Желтый пластмассовый пистолетик

Любовь Шишкова-Черняева
Медсестра была родом с Кавказа, почти дикарка, прихотливыми ветрами занесенная в зябкую Москву. Ей бы тесто для лаваша месить, да негромко на выводок детей прикрикивать, да молча, быстро и бесшумно выкладывать на стол, за которым мужчины решают свои вековые горские дела, аметистовый базилик, кружевную изумрудную кинзу, перламутрово-розовый чеснок и крупные сладкие помидоры. От нее веяло запахами кавказского застолья, как будто они намертво впитались в ее смуглую кожу. Вином, шашлыком, зеленью, - всей этой недоступной нам роскошью. «Неужели она кушает это каждый день?» - не верила я.
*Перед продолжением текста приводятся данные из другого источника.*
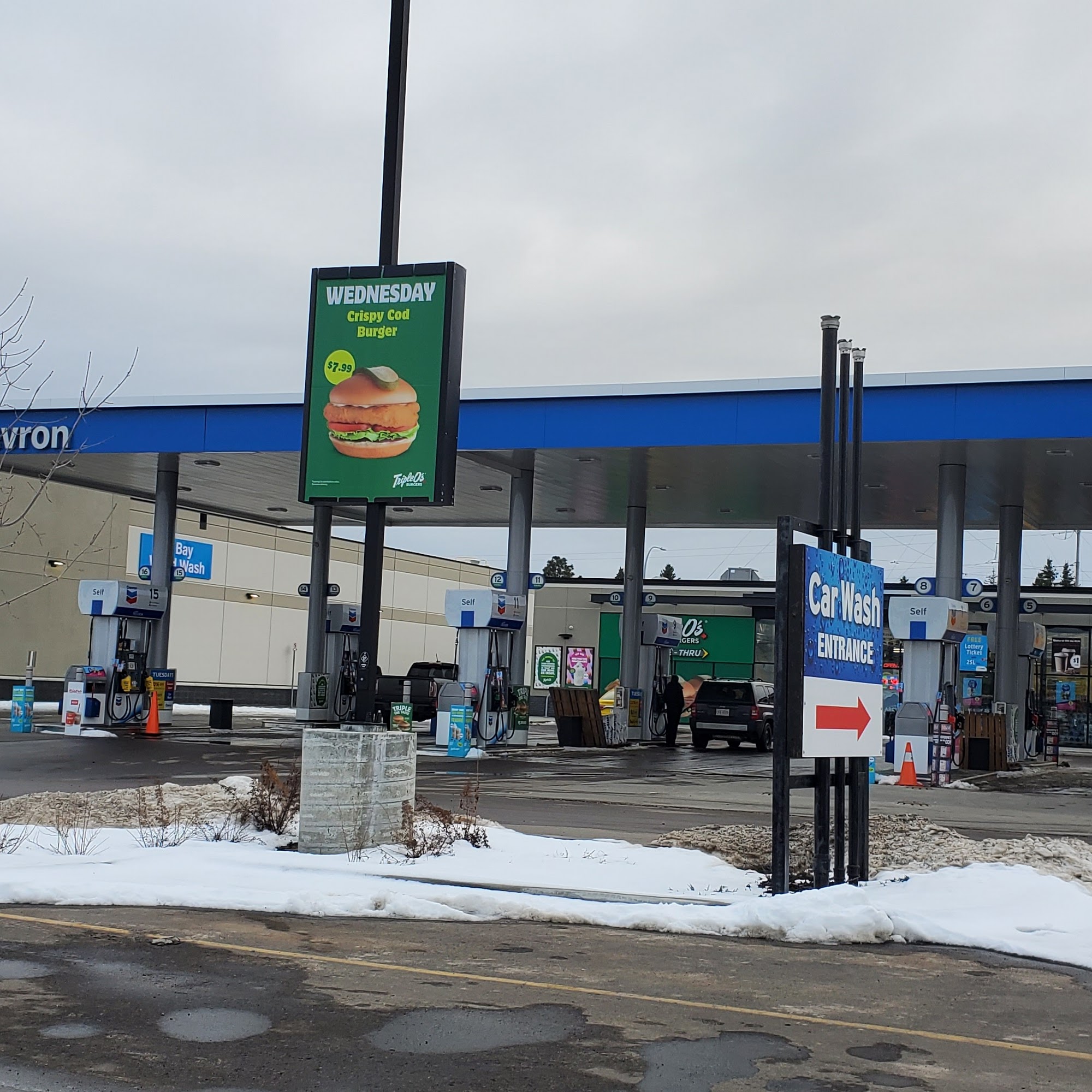 Campbell Park Chevron is a convenient and well-maintained location offering a variety of services. The car wash is highly regarded for being clean, efficient, and affordable at just a dollar a minute, with electronic payment options available. Many customers appreciate how friendly and helpful the staff are, consistently providing a positive experience. The facilities, including the washrooms, are kept clean and uncluttered, though some find the hand dryer in the bathroom frustrating due to its design. The gas station is a popular stop for fuel, lotto, snacks, and convenience store items, including a newly added burger shop. The store features a good selection of snacks, soft drinks, and small items like coloring books and surprise bags, making it a good spot for quick purchases or road trips. Many customers enjoy the location’s overall cleanliness and friendly service, noting the staff’s efforts in keeping the store and pumps clean and well-stocked, and outside staff refilling windshield wash buckets regularly. While the gas prices are sometimes about 10 cents higher than nearby stations, the overall convenience and friendly atmosphere make it a favorite stop for many. The addition of Triple O's burger shop further enhances the appeal of this location.

Но ароматы были настолько живучи, что перебивали другие, царившие в отделении (хлорка, эфир, моча и пот, искусственный озон от ультрафиолетовых ламп).
Я называла ее Сулико, хотя вряд ли она была грузинкой. Просто имя ей шло. Я любила бывать рядом с ней, потому что она вкусно пахла, и еще потому, что у нее были удивительные ресницы. Глаза некрасивые – черно-сиреневые, навыкате и немного глуповатые. А вот ресницы… Они были страшно длинные и совершенно прямые. У основания тугие, толстые, черные, они шли, шил, шли долго-долго и заканчивались дрожащими пушистыми метелочками. Как у красивой коровы или лошади. Причудливая память отпечатала эти ресницы в моей детской голове как эталон совершенства, и до сих пор что-то замирает в груди, когда вижу подобные – у детей, у взрослых, у животных.
Сейчас же по этим ресницам, как салазки с горки, катились бесконечные крупные слезы. Сулико рыдала, шмыгая внушительным носом. «Нэ пойду, оп твою мат, нэ пойду к ублудку!» - твердила она. Акцент, растиражированный сатириками, делал ругательства комичными и даже какими-то пристойными. Во всяком случае, мое детское ухо они не резали. Две другие сестрички ее утешали, а я вертелась у них под ногами, хотя мне было положено лежать в палате и наслаждаться тихим часовм. Но тогда я еще не знала, чем себя занять. Причина, по которой Сулико рыдала на пороге грудничковой палаты, называлась, кажется, Станислав (или что-то другое, не менее помпезное). В любом случае, автору наименования младенца нужно было уши оторвать.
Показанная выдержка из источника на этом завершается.